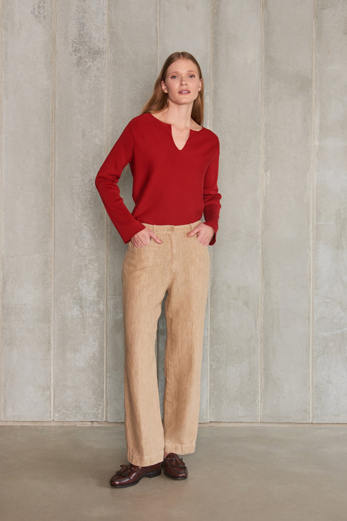 tricot 100% algodão egípcio pull  em ponto invertido, modelagem clássica, gola careca com detalhe em V, manga longa. Tingimento especial,... Saiba mais
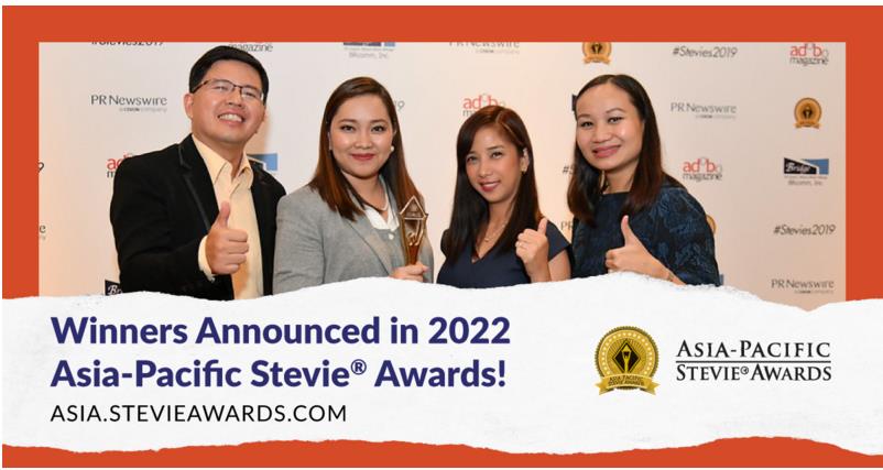 2022年4月26日-美國弗吉尼亞州費爾法克斯市:第九屆亞太史蒂夫®獲獎者公布,該獎項是唯一一個表彰整個亞太地區(qū)商業(yè)創(chuàng)新的獎項項目。金、銀、銅獎獲獎者名單請參閱:http://Asia.StevieAwards.com
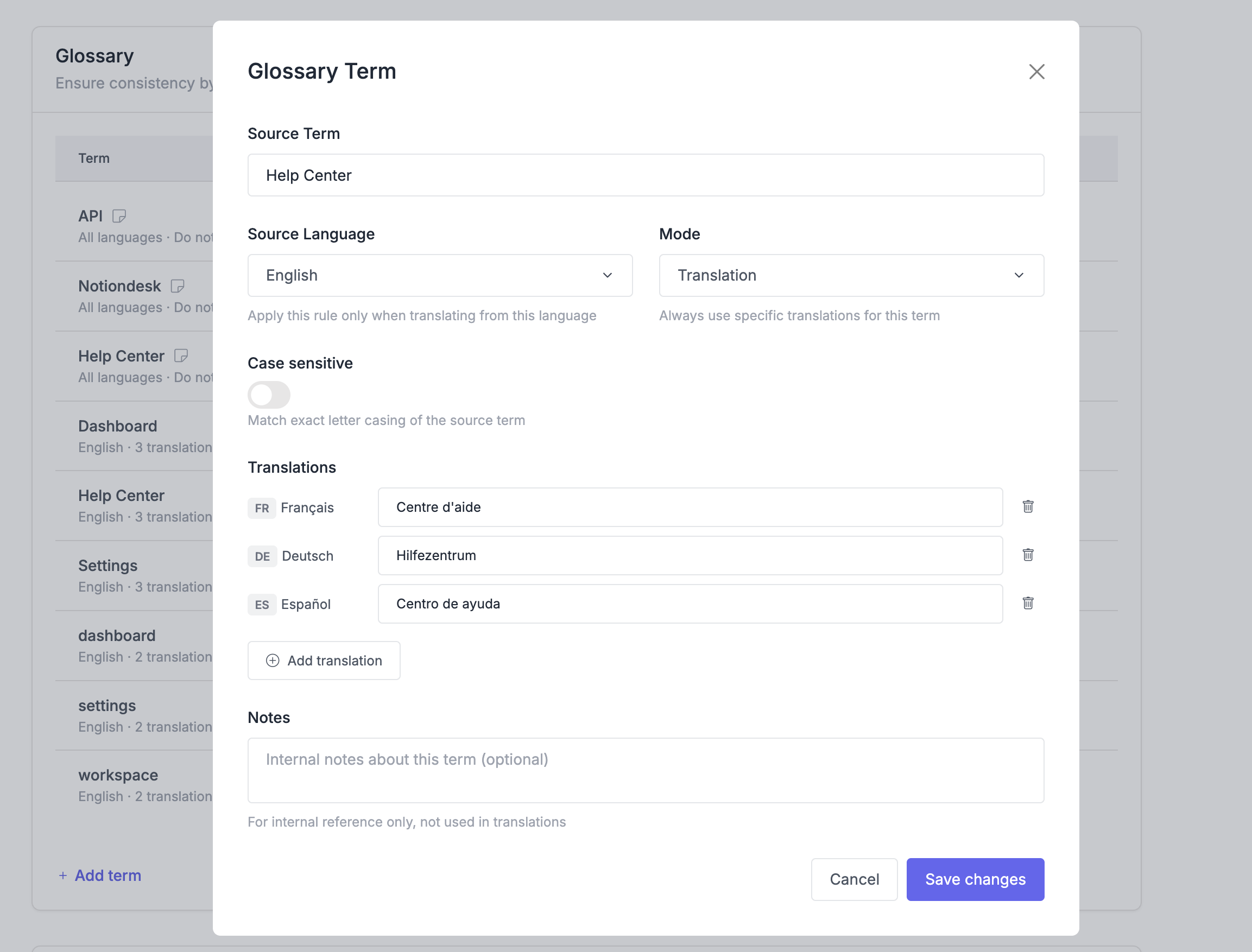 מילון התרגום מאפשר לך לשלוט באופן מדויק באופן שבו התרגום האוטומטי באמצעות בינה מלאכותית מטפל במונחים ספציפיים במרכז העזרה שלך. אתה יכול להגן על שמות מותגים, שמות מוצרים ומונחים טכניים מפני תרגום, או לכפות תרגומים ספציפיים עבור מונחים חשובים.

• [Exercise brief]: Here the lines from the one with "2022年4月26日-美國弗" through the last line of the data above need to be repeated exactly, both included, and any picture omitted.

• [Solution to the exercise]:
 2022年4月26日-美國弗吉尼亞州費爾法克斯市:第九屆亞太史蒂夫®獲獎者公布,該獎項是唯一一個表彰整個亞太地區(qū)商業(yè)創(chuàng)新的獎項項目。金、銀、銅獎獲獎者名單請參閱:http://Asia.StevieAwards.com
 מילון התרגום מאפשר לך לשלוט באופן מדויק באופן שבו התרגום האוטומטי באמצעות בינה מלאכותית מטפל במונחים ספציפיים במרכז העזרה שלך. אתה יכול להגן על שמות מותגים, שמות מוצרים ומונחים טכניים מפני תרגום, או לכפות תרגומים ספציפיים עבור מונחים חשובים.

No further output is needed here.